Doctors' Children Avoid MMR in UK
Daily Mail 2003 May 3
http://www.dailymail.co.uk/health/article-179088/Doctors-children-avoid-MMR.html
Full text:
Two out of five children being given single vaccines instead of the
MMR jab have parents who are medically trained, a survey has revealed.
Critics claim it shows that doctors and nurses are more worried about
the possible health risks of the triple vaccination than they are prepared
to admit in public.
Their action also flies in the face of Government policy and official
attempts to persuade parents to allow their children to have the MMR
injection.
The report by private healthcare group Direct Health 2000 analysed
data for 58,000 children who have completed courses of single vaccines since
1999.
Of these, almost 23,000 had at least one parent who is medically
trained, including GPs, hospital and practice nurses, health visitors and
even consultants.
Official statistics show that uptake of the MMR injection is at its
lowest level in over a decade. One in five two-year-olds have not been given
the jab combining vaccinations against measles, mumps and rubella.

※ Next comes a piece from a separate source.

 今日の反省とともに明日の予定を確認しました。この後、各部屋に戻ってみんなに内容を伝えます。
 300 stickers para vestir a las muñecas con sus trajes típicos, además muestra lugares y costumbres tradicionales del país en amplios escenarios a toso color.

Sarah Dean, Direct Health 2000 chief executive, said: “These
statistics indicate the strong pro-MMR stance adopted by the Health
Department is not believed by a large proportion of those who have to
promote it.
“It also weakens the perception that the debate about MMR is simply
the medical profession versus concerned parents when a lot of those
concerned parents are from the medical profession.”
Miss Dean, an ex-NHS nurse, added: “One GP told us that he felt
extremely guilty about bringing his son to us on a Saturday when he had been
advising patients to choose the combined MMR jab all week.”

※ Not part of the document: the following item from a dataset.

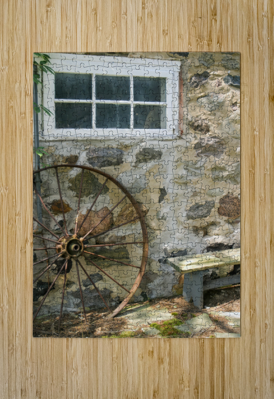 Rusty Wheel and Stone Wall Thea Menagh Puzzle printing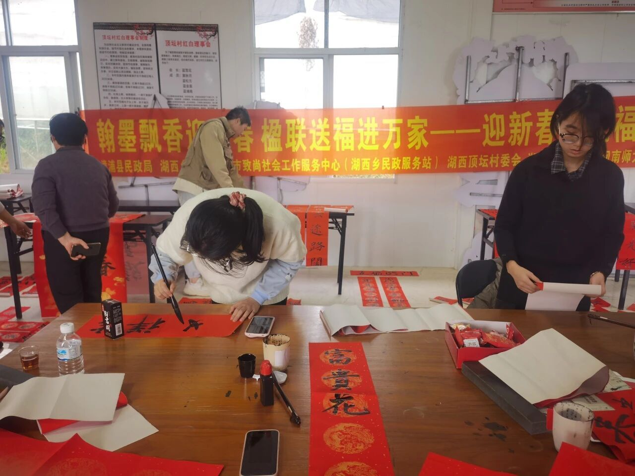 师生携手顶坛村驻村第一书记、致尚社工湖西站及顶坛村委会,走进作为闽台文化交融地、藏有全国重点文物保护单位蓝廷珍纪念馆的漳浦县湖西镇顶坛村,开展“妙笔迎新春,泼墨赠祝福”义写春联活动,将一幅幅寓意吉祥的春联与福字送到古村群众手中,用实际行动传递关怀,让乡亲们在冬日中感受到新春的温暖与社会的情谊。

The company is the UK’s largest provider of single vaccines and the
survey figures are drawn from its London clinic.
However, patterns at its other permanent and outreach clinics around
the UK are similar. In South Wales, the figure for the number of medically
trained parents is nearer 50 per cent.
The Government will not offer single jabs on the NHS, despite pressure
from campaigners, forcing those parents who want them to pay.
“The Department of Health has shown itself to be contemptuous of th
wishes of ‘ordinary’ parents in denying them a vaccination choice” said Miss
Dean.
“Perhaps it will be less pigheaded now it knows that a lot of the
people it pays are actively against its policy on MMR.”
A survey in the British Medical Journal two years ago found that one
in three nurses working in GP surgeries believed the triple jab might be
linked to serious side- effects, such as Crohn’s disease and autism.
It found that nearly half of family doctors and nurses were worried
about giving children their second dose of MMR.
Many parents have rejected MMR since it was linked to the development
of bowel disease and autism in controversial research findings by Dr Andrew
Wakefield.
However, the Department of Health and its medical advisers insist
major studies around the world have failed to find a link.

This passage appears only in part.